После нескольких тщательно обработанных опытов звуковидной дешифрации мозаичных телефонов я пришел к убеждению, что все наши «дробные» оценки несостоятельны. Время, затраченное нами, — основной критерий для определения телефонной системы. Мы — два немолодых и не слишком здоровых арестанта — работали добросовестно, старались не отвлекаться. Но легко можно себе представить, что у противника — у тех американцев, от которых мы позаимствовали технологию «видимой речи», — есть немало молодых, хорошо тренированных дешифраторов. И для них различия между более или менее сложными видами мозаичных систем ничтожны. Следовательно, такая шифрация с появлением анализаторов спектра вообще становится неустойчивой, распознается легко и быстро.
Вася не соглашался. Он доказывал, что сравнения важнее, чем абсолютные коэффициенты устойчивости. А мы ведь по нескольку раз исследовали одни и те же сравниваемые системы. И результаты получали каждый раз если не тождественные, то уж во всяком случае близкие. И ни разу не было так, чтобы один из нас признал лучшей ту систему, которую счел худшей другой. Хотя величины дробных показателей колеблются, итоги сравнений, как правило, более или менее совпадают.
Мои соображения я доложил Константину Федоровичу. Мы спорили горячо, но беззлобно. Начальник изредка переспрашивал, слушал насупившись, жевал мундштук погасшей папиросы.
— Ну что же, все ясно, что ничего не ясно. Потрудитесь изложить это в письменной форме в рабочих тетрадях.
(У каждого из нас была рабочая книга — большая тетрадь с пронумерованными страницами, прошитая шнуром, закрепленным сургучной печатью или пломбой. В эту тетрадь полагалось записывать все, что было сделано или обдумано за день. А на ночь их клали в сейфы вместе с секретными документами, схемами, чертежами.)
Александр слышал наш спор. После работы он спросил меня:
— А вы понимаете, что рубите ветку, на которой сидите? Начальство не любит, когда ему доказывают, что оно темнит и выдает говно за золото… Вам что же, шарашка надоела? Захотелось на лесоповал или в шахту?
Я сказал, что не хочу участвовать в очковтирательстве, кто бы его ни затевал; нельзя расходовать государственные, народные средства на изготовление заведомо непригодных телефонных систем.

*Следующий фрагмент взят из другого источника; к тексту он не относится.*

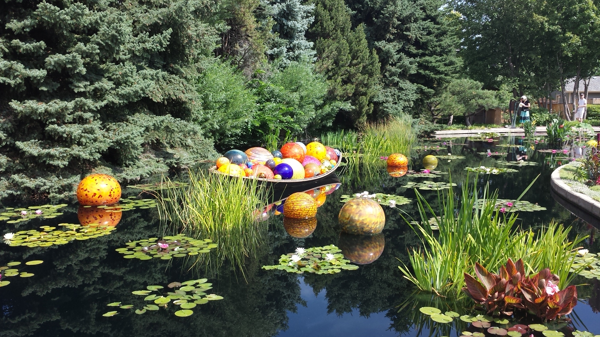 Undoubtedly many of you have had the pleasure of seeing a display of the amazingly beautiful glass designs by glass artist Dale Chihuly. I saw the exhibit a couple of years ago at the Phoenix Botanical Gardens, and was lucky enough to see it again last summer at the display at the Denver Botanical Gardens. The colorful glass designs amidst the gorgeous foliage and as part of pretty water features are a sight to behold.
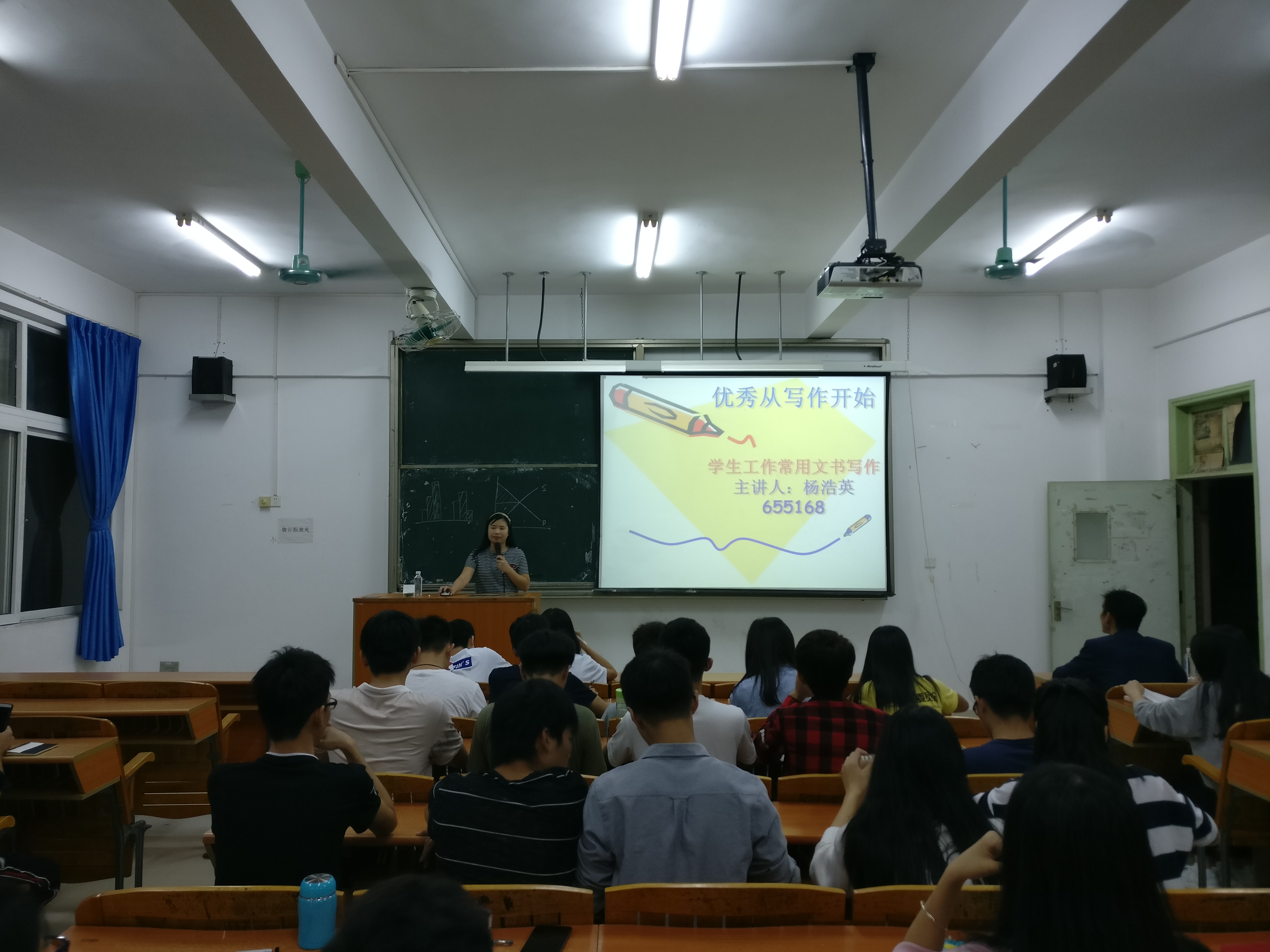 会议前,杨浩英老师表示九大组织是一个整体,并希望在场的每个人都记住这句话:“只有尝试才有出彩的机会,成功在于行动。”随后,杨浩英老师以“优秀从写作开始”为主题开始授课,接着,杨老师以《锤不破》的故事引出了文字表达的重要性;同时,围绕着写作的规范和常见应用文写作示例为话题展开详细的讲述。杨浩英老师精彩而全面的讲解,结合学生工作实际深入分析;生动、活跃的课堂氛围让同学们学到了许多以前没有注意和想不到的细节知识。最后,杨老师分享了“写作是思维的锻炼,思想的洗礼,思考的实现,更是成长的见证”来结束了授课。

Он слушал с недоверчивой полуулыбкой. Вероятно, думал, что я притворяюсь «честнягой», рассчитывая на особую благосклонность начальства, и значит, дурак; либо хочу втереться в доверие к товарищам и, значит, опасен.
Вскоре Константин Федорович сказал:
— Ваши соображения мы рассмотрели. В общем и целом, вы предлагаете похоронить мозаичную шифрацию без почестей и возможно скорее. Вы представили известные резоны… (Он говорил почти теми же словами, которыми Антон Михайлович укорял Солженицына, но без огорчения, бесстрастно.) Однако действительность куда сложнее ваших теорий. Мозаичные телефоны пока нужны и в армии, и в органах. Они много дешевле нашей новейшей совершенной системы. Они предотвращают прямое подслушивание. Перехваченный разговор может быть дешифрован только в лабораторных условиях. Поэтому все же важна возможно большая устойчивость кодов. И мы должны добросовестно определять сравнительные достоинства разных систем. Василий Иванович уже достаточно поднаторел и теперь, пожалуй, справится сам. А вас Антон Михайлович забирает обратно в акустическую.
В тот же день я стал перетаскивать туда свои книги, блокноты, кипы звуковидов. Александру я сказал:
— Была без радости любовь, разлука будет без печали.
Но именно с этого времени он заметно подобрел ко мне, даже пригласил вечерами заниматься на математических курсах, которые он вел для вольнонаемных. И я стал его прилежным слушателем. Упоенно зубрил ряды Фурье и теорию вероятности, вспоминая забытые квадратные уравнения, элементарную тригонометрию и начала дифференцирования и интегрирования…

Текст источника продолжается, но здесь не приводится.